Have a look at this answer I posted in relation to differences between pointers and arrays here on SO.
Hope this helps.
okay, i may be wrong. but arrays and pointers can be used alternately.
int * ptr = (int *)malloc(2* sizeof(int));
ptr[0]=1;
ptr[1]=2;
printf ("%d\n", ptr[0]);
printf ("%d\n", ptr[1]);
here i declared a pointer and now i am treating it as array.
moreover:
As a consequence of this definition,
there is no apparent difference in the
behavior of the "array subscripting"
operator [] as it applies to arrays
and pointers. In an expression of the
form a[i], the array reference "a"
decays into a pointer, following the
rule above, and is then subscripted
just as would be a pointer variable in
the expression p[i] (although the
eventual memory accesses will be
different, as explained in question
2.2). In either case, the expression x[i] (where x is an array or a
pointer) is, by definition, identical
to *((x)+(i)).
reference: http://www.lysator.liu.se/c/c-faq/c-2.html
you need to understand the basic concept of arrays.

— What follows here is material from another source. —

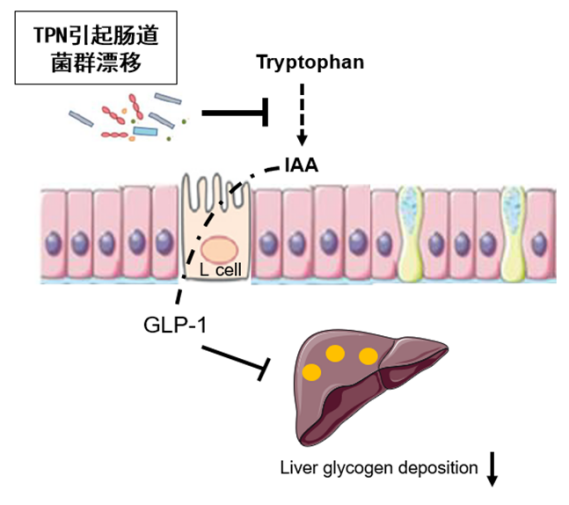 综上所述,本研究进一步证明了肠外营养长期使用导致的糖代谢障碍与病人临床结局密切相关。同时发现,乳杆菌属丰度降低,IAA减少,引起L细胞中Gcg的表达下调,GLP-1分泌减少是肠外营养相关糖代谢障碍的机制,而GLP-1类似物可能是缓解此损伤的重要治疗药物。

when you declare an array i.e
int farr[]
you are actually declaring a pointer with this declaration
const int * farr
i.e; a "constant" pointer to integer. so when you do farr++ you are actually trying to add up to a pointer which is constant, hence compilers gives you an error.
if you need to understand, try to declare a pointer with the above declaration and you would not be able to do the arithmetic which are legal on normal pointers.
P.S:
its been quiet a while i have coded in C so i am not sure about exact syntax. but bottom line is the difference between a pointer and a constant pointer.